In physics, spacetime typically functions as the general framework within which processes are described, even when its geometry is understood as dynamical. From this standpoint, organisation is analysed as something that unfolds within spatial and temporal coordinates.

APS adopts a different explanatory stance. It begins not with spacetime as the primary structure, but with viability-oriented organisation. On this view, spatial and temporal relations are not independent explanatory primitives. They are dimensions through which organisation is expressed, stabilised, and coordinated. Spatiotemporal descriptions arise from the organisational logic of the system, rather than the other way around.

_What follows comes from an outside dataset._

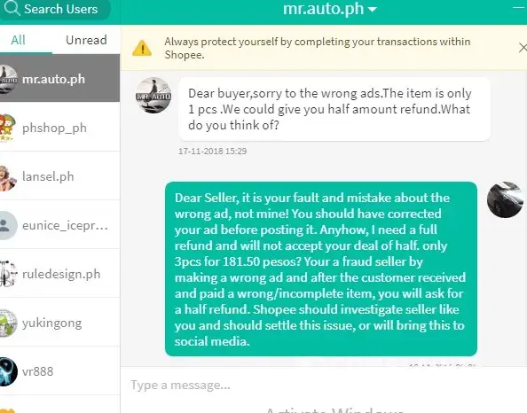 November 17, the seller submit a dispute and admitted in chat that it's a wrong advertisement, that there's a mistake. Then he asked me for a half refund. I told him that I need a full refund since it's not my fault posting a wrong ad.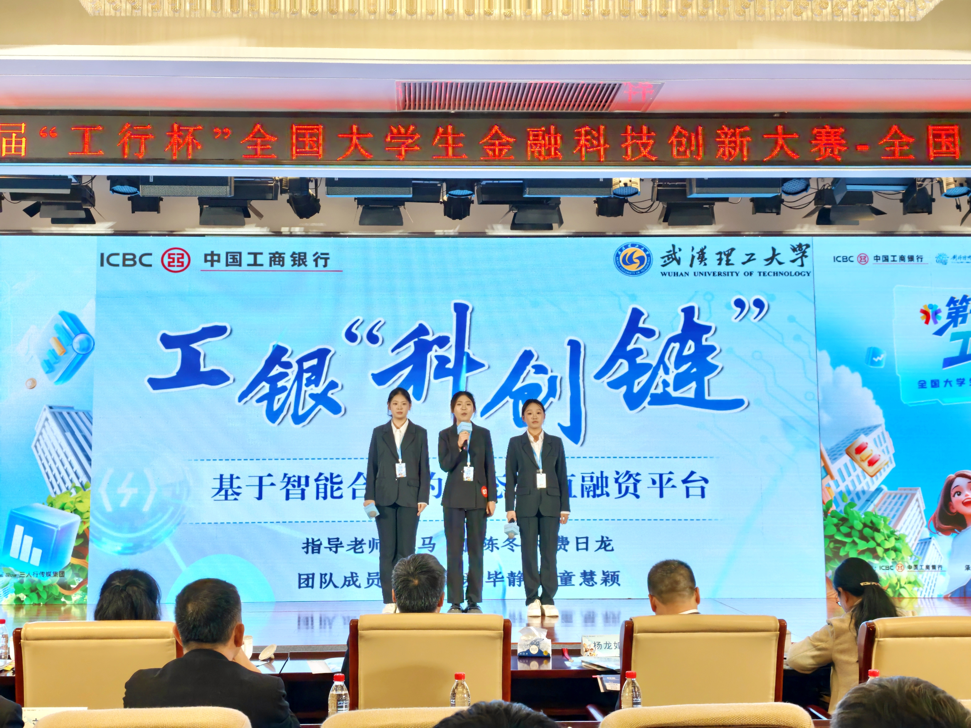 今年的获奖作品《工银“科创链”—基于智能合约的动态价值融资平台》,由马玎教授、陈冬林教授联合指导。该项目聚焦科创企业融资难与银行评估难的行业痛点,秉持“依工强文”的创新思路,构建了以价值评估引擎和合约执行引擎为核心的一站式金融解决方案,覆盖价值发现、合约执行、利率调整全流程。其核心优势体现在三方面:动态价值发现立足创新链整体价值,通过多源数据与智能算法将企业创新潜力转化为可量化信用资产;场景化智能合约将金融契约嵌入真实业务场景,依托数字人民币实现资金定向支付与闭环管理;动态利率调整则将利率与企业创新能力、履约记录等指标实时挂钩,形成“越创新越优惠”的正向激励。完成了从看固定资产到靠创新链价值、从单体数据到协同数据、从通用信贷到场景契约、从固定利率到动态调整的转变,真正以科技赋能金融,破解银企融资对接痛点。

This entails a reversal of explanatory priority:

  • Physics: organisation is described within spacetime
  • APS: spatiotemporal relations are specified relative to organisation

This reversal is inseparable from scale. Biological organisation is inherently scale-dependent: the spatial and temporal relations that matter are those that contribute to the persistence of the system at a given level of organisation. What counts as a relevant spatial configuration or temporal process is therefore defined relative to the system’s organisational dynamics, not fixed in advance.

Accordingly, space and time do not function as a neutral backdrop for biological explanation. Their explanatory significance is specified by the constraints, coordination, and viability conditions of the system.

This does not contradict physical accounts of spacetime. It clarifies that in biology, spatiotemporal structure derives its explanatory role from the organisation of living activity, rather than from an independently given framework.